**RECORDED INFORMATION**
----

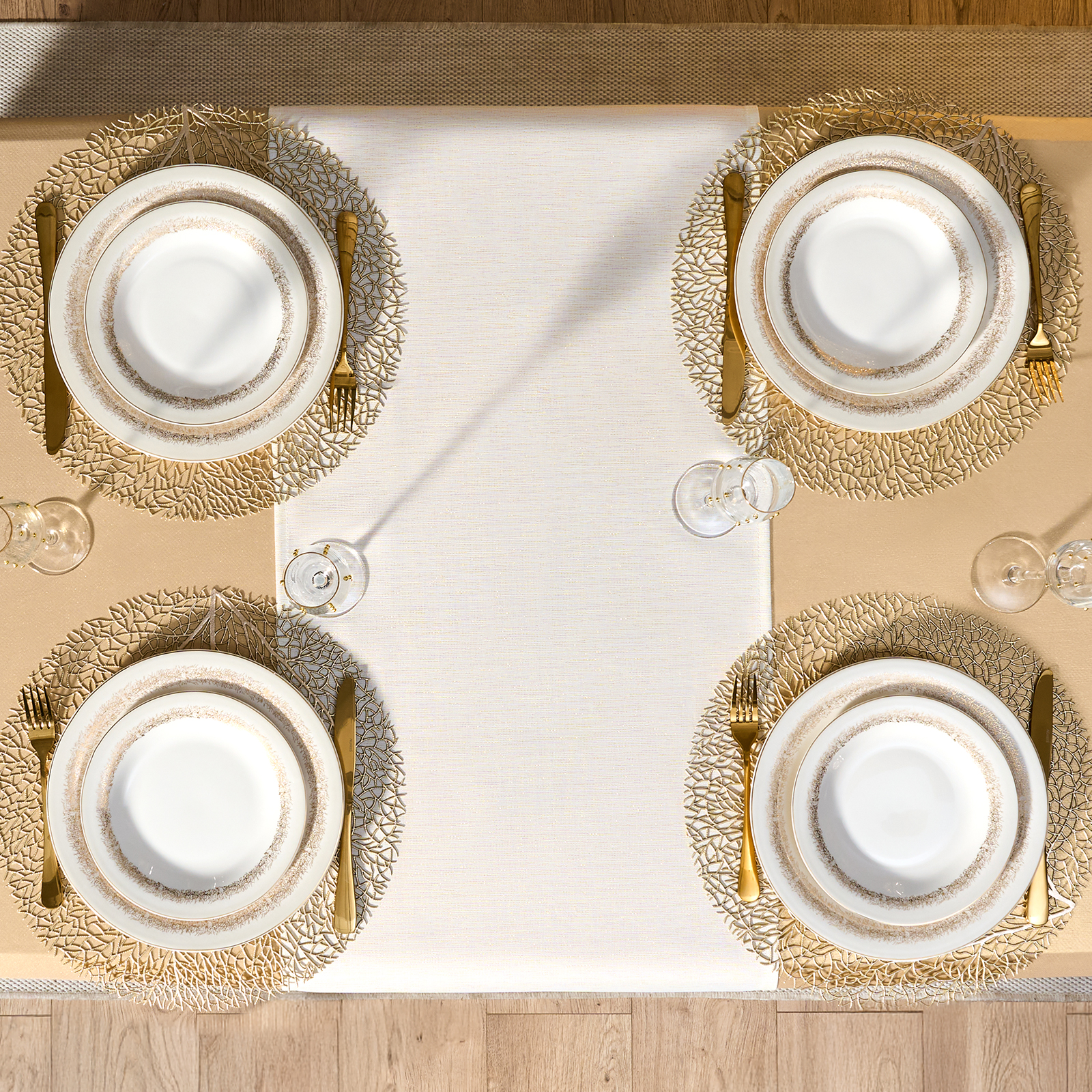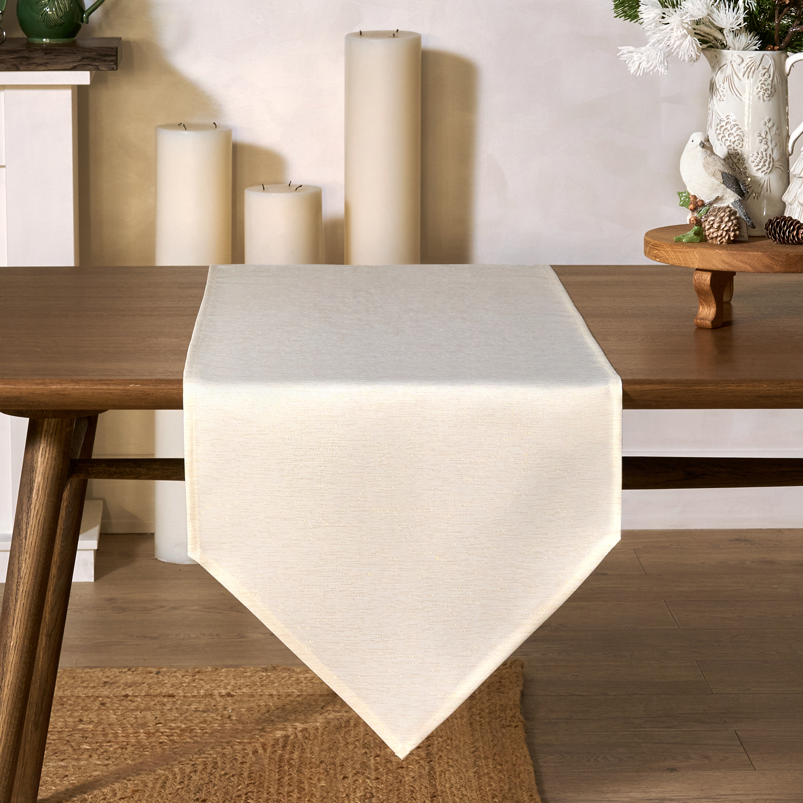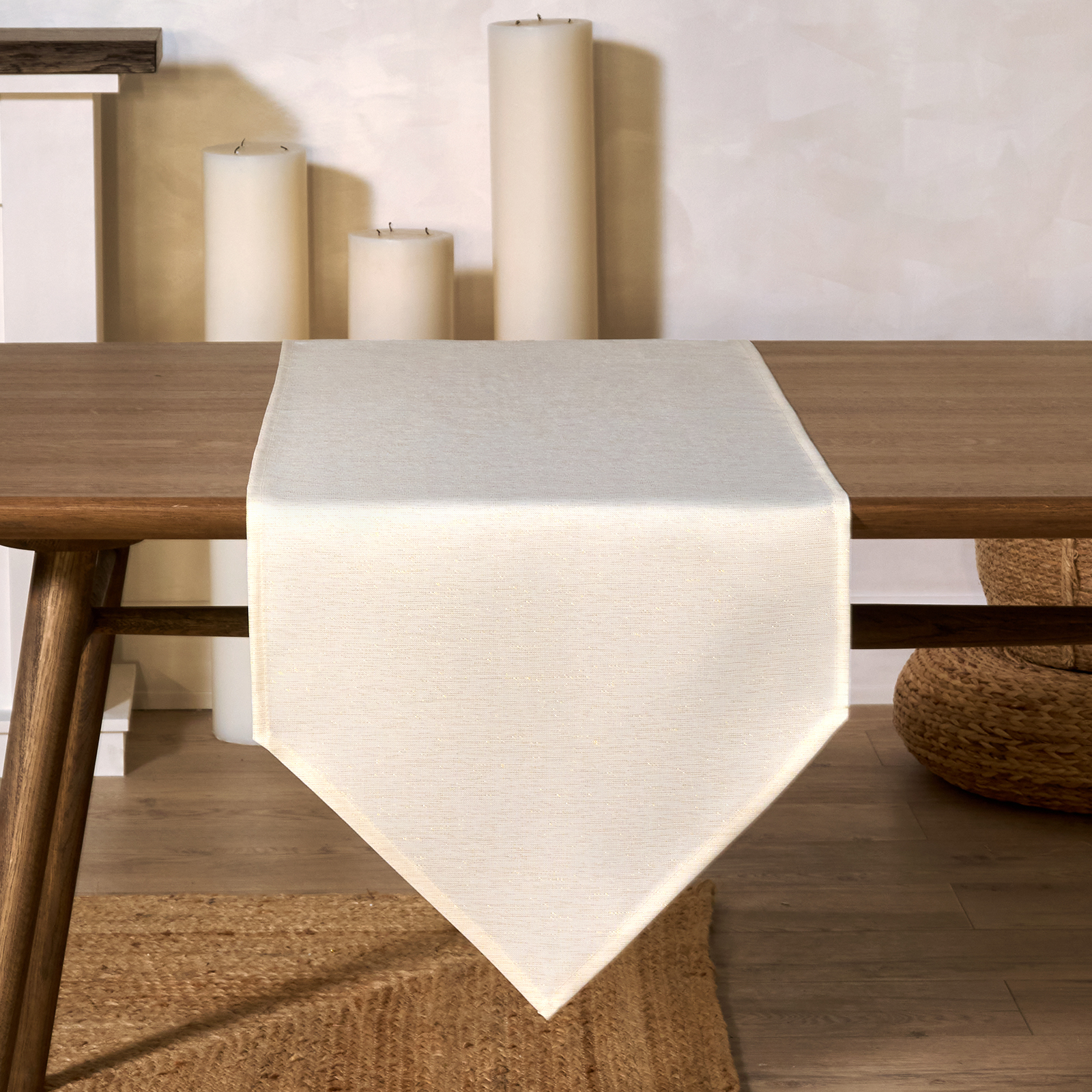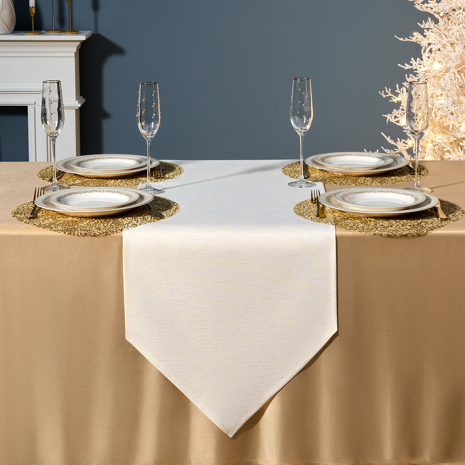 Размер 45×220 см идеально подходит для прямоугольных столов, а также может использоваться поверх однотонной скатерти для создания выразительного и завершённого образа стола. Эффектно смотрится в центре композиции, подчёркивая красоту посуды, подсвечников и сервировочных аксессуаров.
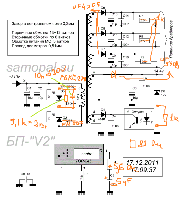 Даташит на ТОП похоже смотреть лень. Емкость С5 должна быть 47 мкФ вместо 5 мкФ, дополнительный резистор тот что 9,1 кОм тоже маленький. Он должен быть хоьябы 33 кОм (повидимому остался жив по причине того что блок не стартонул), конденсатор тот, что паралельно этому резистору как по мне так великоват. Это то что сразу бросилось в глаза.hantmaster писал(а):да схемка почти та шо на сайте тут
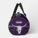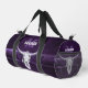 This western duffle bag features a cool bull cow skull that is purple white with a country cowgirl old rustic monogram design. Old wild west style antique vintage farmhouse inspired, trendy, modern farm animal. Image copyright Marg Seregelyi Photography.

----

**EXERCISE OBJECTIVE**
In your copy, restate the data above word for word but leave out any picture.

**WRITTEN SOLUTION**
 Размер 45×220 см идеально подходит для прямоугольных столов, а также может использоваться поверх однотонной скатерти для создания выразительного и завершённого образа стола. Эффектно смотрится в центре композиции, подчёркивая красоту посуды, подсвечников и сервировочных аксессуаров.
 Даташит на ТОП похоже смотреть лень. Емкость С5 должна быть 47 мкФ вместо 5 мкФ, дополнительный резистор тот что 9,1 кОм тоже маленький. Он должен быть хоьябы 33 кОм (повидимому остался жив по причине того что блок не стартонул), конденсатор тот, что паралельно этому резистору как по мне так великоват. Это то что сразу бросилось в глаза.hantmaster писал(а):да схемка почти та шо на сайте тут
 This western duffle bag features a cool bull cow skull that is purple white with a country cowgirl old rustic monogram design. Old wild west style antique vintage farmhouse inspired, trendy, modern farm animal. Image copyright Marg Seregelyi Photography.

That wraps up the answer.